#### Directions:
An exact reproduction of all the data is needed, with no images in it.

### Data to examine

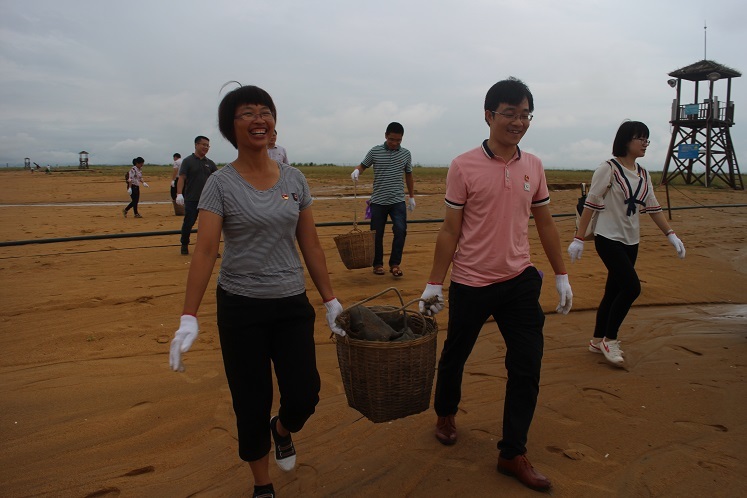 風(fēng)雨停歇之時(shí),第一、二黨支部全體黨員捋起袖子,提起垃圾筐,在黃金浴場(chǎng)上進(jìn)行“拉網(wǎng)式”清撿垃圾活動(dòng)?;顒?dòng)中,大家分工協(xié)作,團(tuán)結(jié)互助,忙得不亦樂(lè)乎,現(xiàn)場(chǎng)一片熱火朝天的景象。沙灘上的垃圾大多為煙蒂、石頭、礦泉水瓶等,考慮群眾在沙灘上大都赤腳走路,為了群眾的安全,黨員們將沙灘上的貝殼也都一并清撿,清除貝類劃傷的風(fēng)險(xiǎn)。其中一位老黨員向大家說(shuō)到:“大家一定不要覺(jué)得清潔活動(dòng)就只是單純地?fù)炖?,我們撿的可都?lsquo;黃金’啊,別看小小一個(gè)煙蒂,我們把它撿起來(lái)了,環(huán)境就美了,群眾就會(huì)更加自覺(jué)了,那么誰(shuí)也不舍得扔下手中的這枚‘黃金’了。所以,我們黨員今天的清潔行動(dòng)不僅是推行群眾文明出行的理念,更是引導(dǎo)群眾自覺(jué)保護(hù)環(huán)境,關(guān)愛(ài)自然,從而讓清潔、環(huán)保成為每個(gè)人的責(zé)任。”老黨員看似平淡的話語(yǔ),卻是對(duì)我們的諄諄教導(dǎo),進(jìn)一步激發(fā)了我們身為一名共產(chǎn)黨員的責(zé)任感和使命感,同時(shí)也讓我們深刻認(rèn)識(shí)到生態(tài)環(huán)境建設(shè)和保護(hù)迫在眉睫。
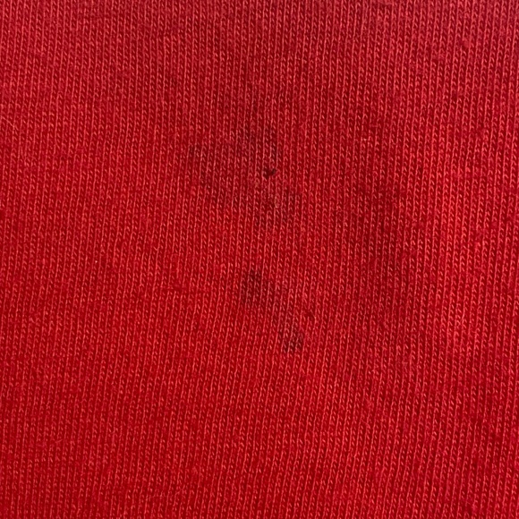 A couple stains, one red mark above maple leaf and one dark mark on abdomen area. See photos.
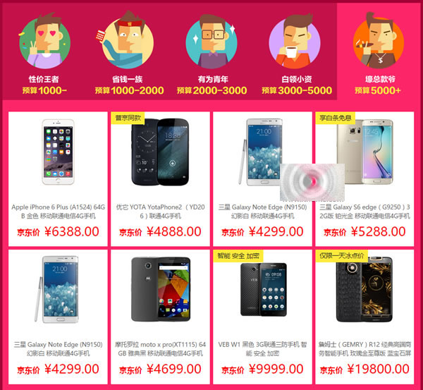 5、壕總款爺,預算5000+:iPhone6 Plus、優它YotaPhone 2、三星Note Edge、三星S6 edge、Moto X Pro、VEB W1、詹姆士R12等土豪機型!立刻參與
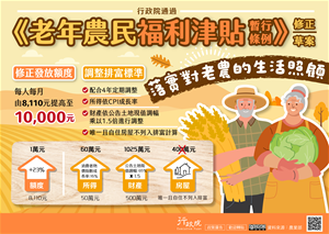 為落實照顧農民老年生活,行政院通過《老年農民福利津貼暫行條例》修正草案,修正重點包括發放額度每人每月調整至1萬元,並調整排富標準。行政院新聞傳播處特策製旨揭說明資料,請參閱。
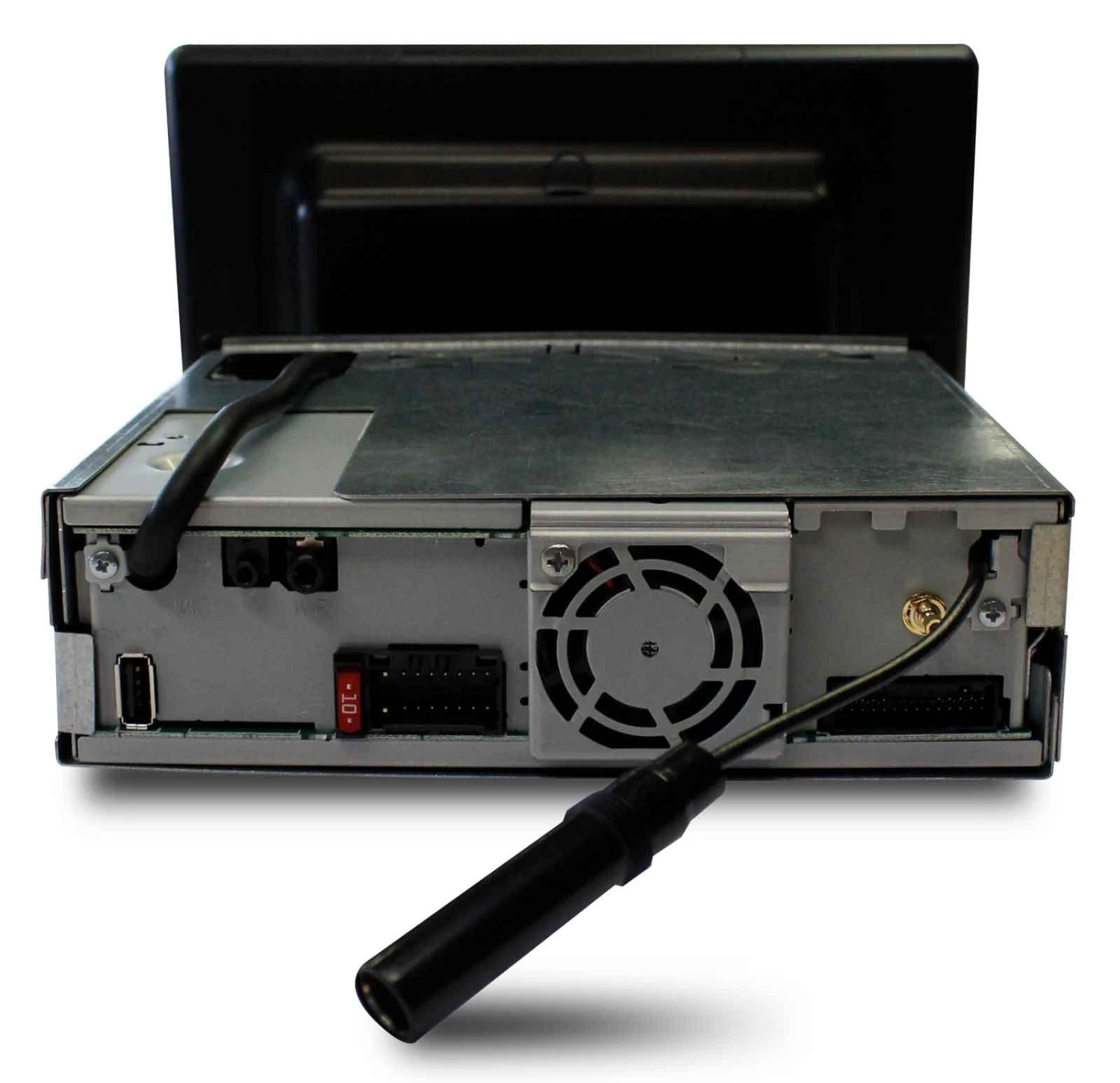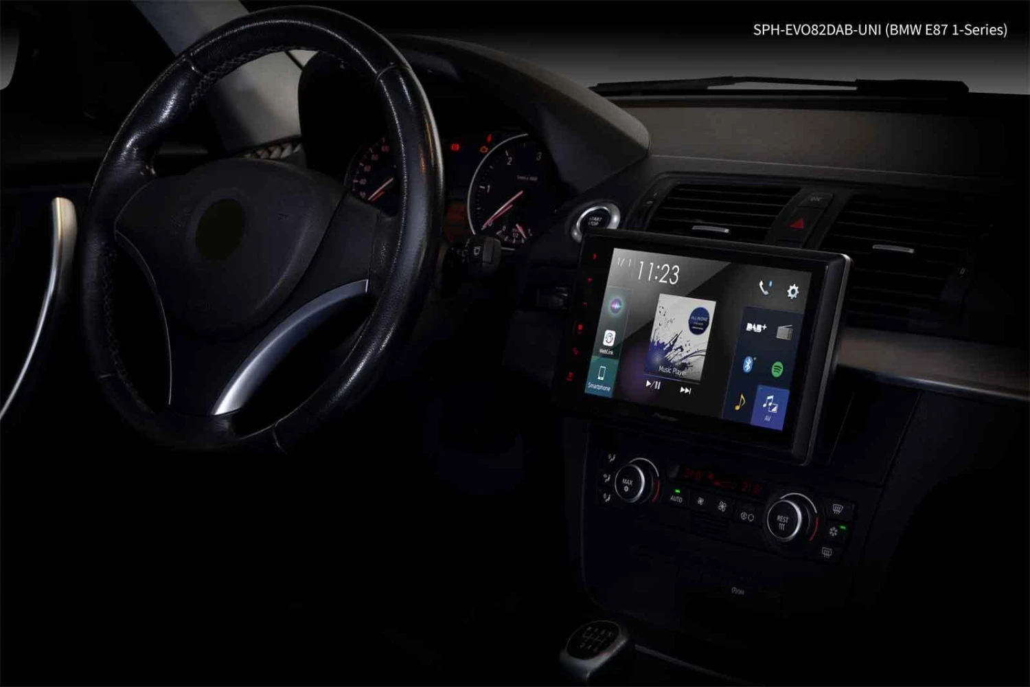 Mit dem SPH-EVO82DAB-UNIB-Einbausatz kann das Gerät außerdem in Tiefe verstellt werden. Die Verbindung mit Ihrem Fahrzeug wird über die
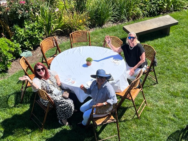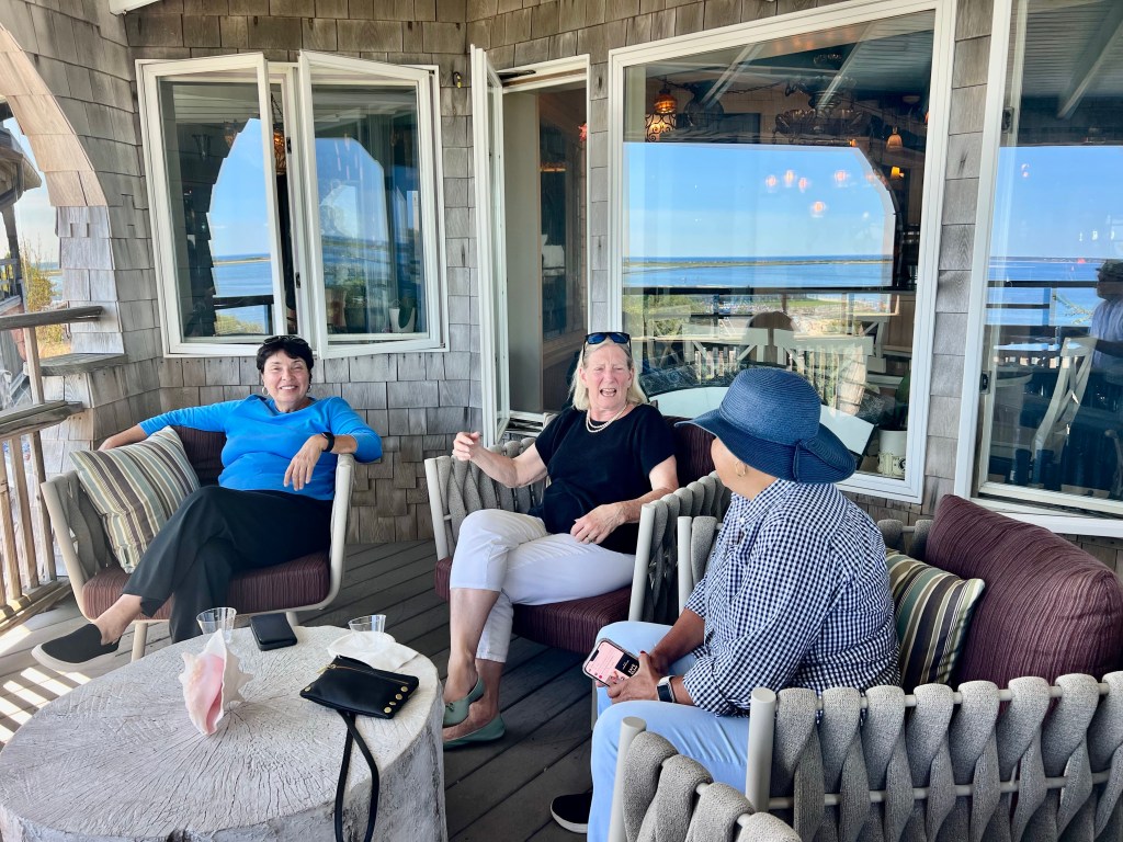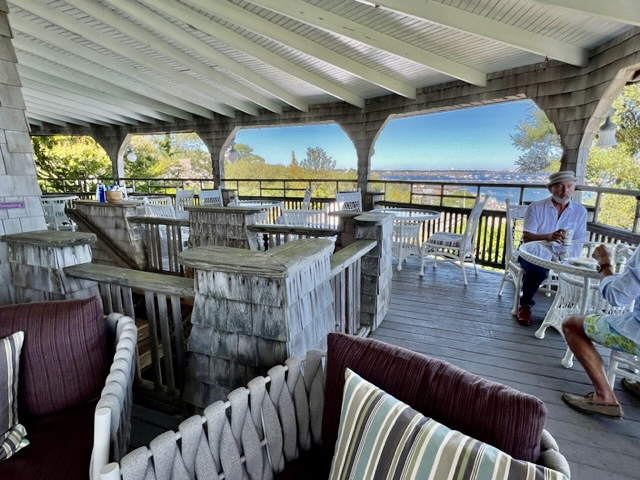 Gail Williams and Dawn McCall took us to the exclusive PAAM Circle garden party at the historic Land’s End Inn (22 Commercial Street) Provincetown. It was one of the most gorgeous places we have ever seen. We are going to spend a lot of time there next summer. We met owners Trevor Mikula and Ed Macri. Trevor is a local artist who shows his work at galleries around the country, including the William Scott Gallery in Provincetown. Ed DJs locally as Lazerella and previously had a career in technology, including 14 years as an executive at Wayfair. On Instagram, you can follow Trevor’s art @trevormikula and Ed’s DJ gigs @lazerellaptown. They have put a long-term ownership structure around the Inn that ensures it is enjoyed by the public and supports the local arts and LGBTQIA communities for generations to come. Hallelujah!

######

#### Exercise solution:
 風(fēng)雨停歇之時(shí),第一、二黨支部全體黨員捋起袖子,提起垃圾筐,在黃金浴場(chǎng)上進(jìn)行“拉網(wǎng)式”清撿垃圾活動(dòng)?;顒?dòng)中,大家分工協(xié)作,團(tuán)結(jié)互助,忙得不亦樂(lè)乎,現(xiàn)場(chǎng)一片熱火朝天的景象。沙灘上的垃圾大多為煙蒂、石頭、礦泉水瓶等,考慮群眾在沙灘上大都赤腳走路,為了群眾的安全,黨員們將沙灘上的貝殼也都一并清撿,清除貝類劃傷的風(fēng)險(xiǎn)。其中一位老黨員向大家說(shuō)到:“大家一定不要覺(jué)得清潔活動(dòng)就只是單純地?fù)炖?,我們撿的可都?lsquo;黃金’啊,別看小小一個(gè)煙蒂,我們把它撿起來(lái)了,環(huán)境就美了,群眾就會(huì)更加自覺(jué)了,那么誰(shuí)也不舍得扔下手中的這枚‘黃金’了。所以,我們黨員今天的清潔行動(dòng)不僅是推行群眾文明出行的理念,更是引導(dǎo)群眾自覺(jué)保護(hù)環(huán)境,關(guān)愛(ài)自然,從而讓清潔、環(huán)保成為每個(gè)人的責(zé)任。”老黨員看似平淡的話語(yǔ),卻是對(duì)我們的諄諄教導(dǎo),進(jìn)一步激發(fā)了我們身為一名共產(chǎn)黨員的責(zé)任感和使命感,同時(shí)也讓我們深刻認(rèn)識(shí)到生態(tài)環(huán)境建設(shè)和保護(hù)迫在眉睫。
 A couple stains, one red mark above maple leaf and one dark mark on abdomen area. See photos.
 5、壕總款爺,預算5000+:iPhone6 Plus、優它YotaPhone 2、三星Note Edge、三星S6 edge、Moto X Pro、VEB W1、詹姆士R12等土豪機型!立刻參與
 為落實照顧農民老年生活,行政院通過《老年農民福利津貼暫行條例》修正草案,修正重點包括發放額度每人每月調整至1萬元,並調整排富標準。行政院新聞傳播處特策製旨揭說明資料,請參閱。
 Mit dem SPH-EVO82DAB-UNIB-Einbausatz kann das Gerät außerdem in Tiefe verstellt werden. Die Verbindung mit Ihrem Fahrzeug wird über die
 Gail Williams and Dawn McCall took us to the exclusive PAAM Circle garden party at the historic Land’s End Inn (22 Commercial Street) Provincetown. It was one of the most gorgeous places we have ever seen. We are going to spend a lot of time there next summer. We met owners Trevor Mikula and Ed Macri. Trevor is a local artist who shows his work at galleries around the country, including the William Scott Gallery in Provincetown. Ed DJs locally as Lazerella and previously had a career in technology, including 14 years as an executive at Wayfair. On Instagram, you can follow Trevor’s art @trevormikula and Ed’s DJ gigs @lazerellaptown. They have put a long-term ownership structure around the Inn that ensures it is enjoyed by the public and supports the local arts and LGBTQIA communities for generations to come. Hallelujah!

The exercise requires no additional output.